Leading causes of death in the United States, including cancer, diabetes, and heart disease, can be linked to diet [1,2]. Measuring accurate dietary intake is considered to be an open research problem, and developing accurate methods for dietary assessment and evaluation continues to be a challenge. Underreporting is well documented amongst dietary assessment methods. Compared to traditional dietary assessment methods that often involve detailed handwritten reports, technology-assisted dietary assessment approaches reduce the burden of keeping such a detailed report and are preferred over traditional written dietary record for monitoring everyday activity [3].

In recent years, mobile telephones have emerged and provide unique mechanisms to monitor personal health and to collect dietary information [4]. Image-based approaches integrating application technology for mobile devices have been developed which aim at capturing all eating occasions by images as the primary record of dietary intake [3]. To date, these image-based approaches have primarily relied on trained analysts to estimate energy intake from the food images. Validation studies of the trained analyst have shown limited accuracy within and between the trained analysts [5,6]. Although automated methods are not sufficiently advanced to entirely replace the trained analyst, these methods hold promise to ultimately improve accuracy and reduce participant and researcher burden. Several mobile dietary assessment systems have been developed, such as the Technology Assisted Dietary Assessment (TADA^TM) system [7,8], FoodLog [9], FoodCam [10], DietCam [11], and Im2Calories [12], to address some of the challenges of automatically-determined food types and energy consumed based on image processing and analysis methods. However, developing automatic dietary assessment techniques remains an open research problem.

Estimating food energy from a single-view food image is an ill-posed problem, as most 3D information has been lost when the eating scene is projected from 3D world coordinates onto 2D image coordinates. Several methods have been proposed to estimate food portions from a single-view image. In Chen et al. [13], 3D models were manually fitted onto a 2D food image in order to estimate the food portion sizes. However, manual fitting does not scale with larger data sets. Another method used was participants placing their thumbs in their images as a size reference to estimate the food area and then the portion size of the food [14]. The inconsistency in the sizes of thumbs is an obvious issue. The model proposed by Zhang et al. [15] counts the pixels of each food segmentation in the image to estimate food portion. No 3D information is incorporated into the model. In the approach used by Aizawa et al. [16], the food image is divided into sub-regions and then food portions are estimated based on predetermined serving size classifications. Food portion estimation, in this case, is a task of selecting from limited discrete portion size choices.

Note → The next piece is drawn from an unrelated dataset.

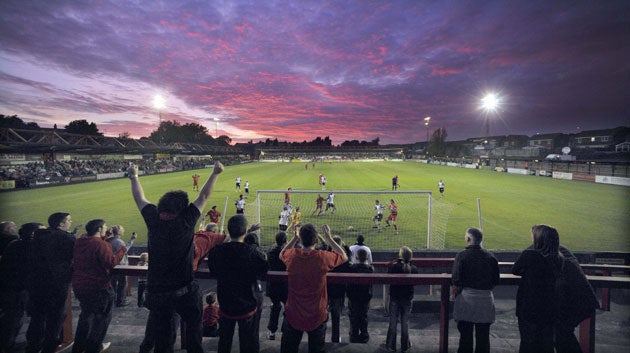 Football did not rally round in 1962 and if Burnley's role in Accrington's demise was questionable then on Tuesday they staged a benefit game for Stanley at Turf Moor. More than 5,000 watched in driving rain, raising £35,000. On Friday evening, as the Pennine hills that frame the Crown Ground glowed pink in the September sunset, Accrington played some exhilarating football in front of a crowd of 3,228, proof that the Crown is of more use than it would be as a branch of B&Q. On the final whistle, fans waving what appears to be a giant Swiss flag launched into a chorus of "Kill the taxman".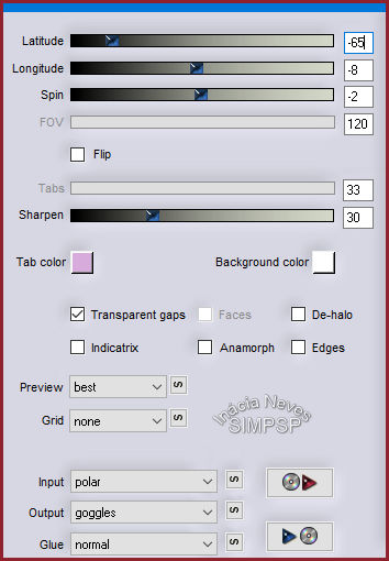 7- Ativar a layer do topo Effects > Plugin > Flaming Pear > Flexify 2: Image > Resize > 80% > All Layers Desmarcado Effecs > 3D Effects > Drop Shadow:

We previously developed a 3D geometric-model based method for food portion estimation [17]. Our technique did not require manual tuning of model parameters, and we were able to obtain accurate food portion estimates [17]. Later, we showed that accurate food portions could be estimated using geometric models for food objects with well-defined 3D shapes [18]. To further improve the accuracy of food portion estimation, we incorporated the contextual dietary information of food portion co-occurrence patterns [19]. However, geometric-model-based techniques estimate food volumes rather than food energy. With food volumes estimated, food density is still required to compute the food weights which can then be mapped to food energy using a food composition resource, such as, the United States Department of Agriculture (USDA) Food and Nutrient Database for Dietary Studies (FNDDS) [20]. In addition, geometric-model-based techniques require food labels and food segmentation masks (i.e., location of foods in the image). Errors from automatic food classification and image segmentation can propagate into the final portion estimation. Therefore, new approaches that can directly link food images to food energy in the image would be desirable.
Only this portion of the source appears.